The Israeli enforcement authorities’ lack of interest in ThyssenKrupp’s attempt to cooperate is not surprising, as it represents one of the core perceptions of Israel’s law enforcement authorities: The sovereign (the state) has a monopoly over the authority to enforce the criminal law. Based on this perception, caution and even suspicion tend to arise at the possibility of investigative powers shifting from public law enforcement agencies to private corporations, whose motives and commitment to conducting a thorough investigation are viewed askance.

In the case of The State of Israel v. Meir Shemesh (“Shemesh”), Israel’s Supreme Court explicitly reaffirmed this perception. In Shemesh, Israel Railways conducted an internal investigation following two serious train accidents. Simultaneously, the Israel police launched a criminal investigation and asked for the materials gathered during the internal investigation. Israel Railways transferred the final reports of its internal investigations committee, but refused to forward notes from interviews with its employees, arguing that the interviewees have the right to be protected from self-incrimination. Israel Railways had good reason to make this assertion, as the notes were taken in accordance with the company’s internal protocols, which stated employees were obliged to fully cooperate with the investigation and did not have the right to remain silent or to be represented by lawyers before the investigative committees. In addition, the employees were not warned that they had the right to protect themselves from self-incrimination before being interviewed or that the notes from their interviews might be used against them in criminal proceedings.
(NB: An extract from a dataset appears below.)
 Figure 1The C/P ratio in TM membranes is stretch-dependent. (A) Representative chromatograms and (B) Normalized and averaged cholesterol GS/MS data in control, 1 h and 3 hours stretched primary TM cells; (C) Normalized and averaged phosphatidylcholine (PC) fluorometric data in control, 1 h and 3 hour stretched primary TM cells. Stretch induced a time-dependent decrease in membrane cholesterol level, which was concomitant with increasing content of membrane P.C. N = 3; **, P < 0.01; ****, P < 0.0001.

The matter was brought before the Supreme Court, which held that the notes from the employee interviews were confidential and should not be disclosed to the police, inter alia, because the transfer of such material to the police could create a “chilling effect” on the willingness of employees to cooperate with internal investigative committees in the future.
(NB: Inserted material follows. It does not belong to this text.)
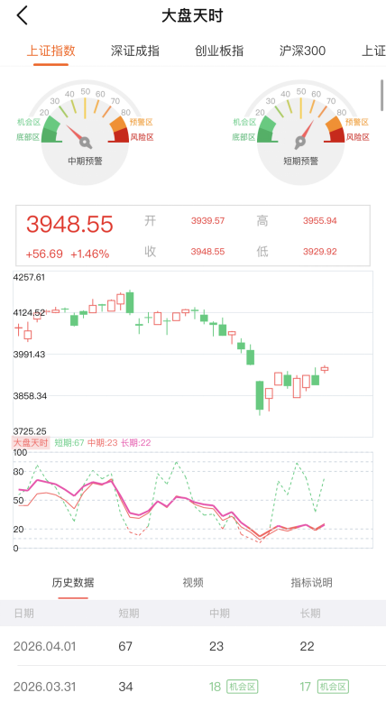 天时短线指标从34跃升到67,短线情绪显著回暖。中期指标从18涨到23,长期指标从17回到22,三大指标集体回暖拐头向上。市场整体情绪得到修复。随着四月开门红行情落地,市场整体情绪得到修复,但我们还要观察一下持续性才能确认修复。

However, the case went up again for a second review by an extended panel of the Supreme Court. Upon second review, the Supreme Court’s extended panel reversed its decision and ruled that the notes from the employees’ interviews were not privileged or confidential. The Supreme Court held that the question at issue is one of admissibility only and that the right time to answer it had not yet come (thus leaving the question to be answered at a later occasion). Addressing the concern raised in the previous decision about a possible chilling effect, the Supreme Court’s extended panel held that the public interest in finding the truth and imposing accountability on those responsible for the rail accidents was no less important than the public’s interest in providing internal investigation committees the power to conduct free and open discussions with employees. Furthermore, Justice Miriam Naor was of the opinion that despite the risk of causing a chilling effect, holding that a privilege applies to such notes would not serve the public interest because the law vests the authority to investigate criminal offenses only with the police and, therefore, there is no room for a private entity to conduct an internal investigation into criminal matters.

We believe this view to be wrong, as it overlooks the many public interests internal investigations may serve and promote. First, the Israel Railways ruling did create a chilling effect and a general concern among Israeli corporations that discouraged them from conducting their own internal investigations due to fear of having the fruits of their investigations discovered. The ruling also created a concern that internal investigations into criminal matters would be considered an obstruction of justice, just as ThyssenKrupp was warned. As a policy matter, then, the Israel Railways ruling provides a perverse incentive to corporations not to undertake meaningful internal investigations. An incentive not to investigate and amend wrongs, or improve internal compliance and policies, is the perverse outcome of that regime.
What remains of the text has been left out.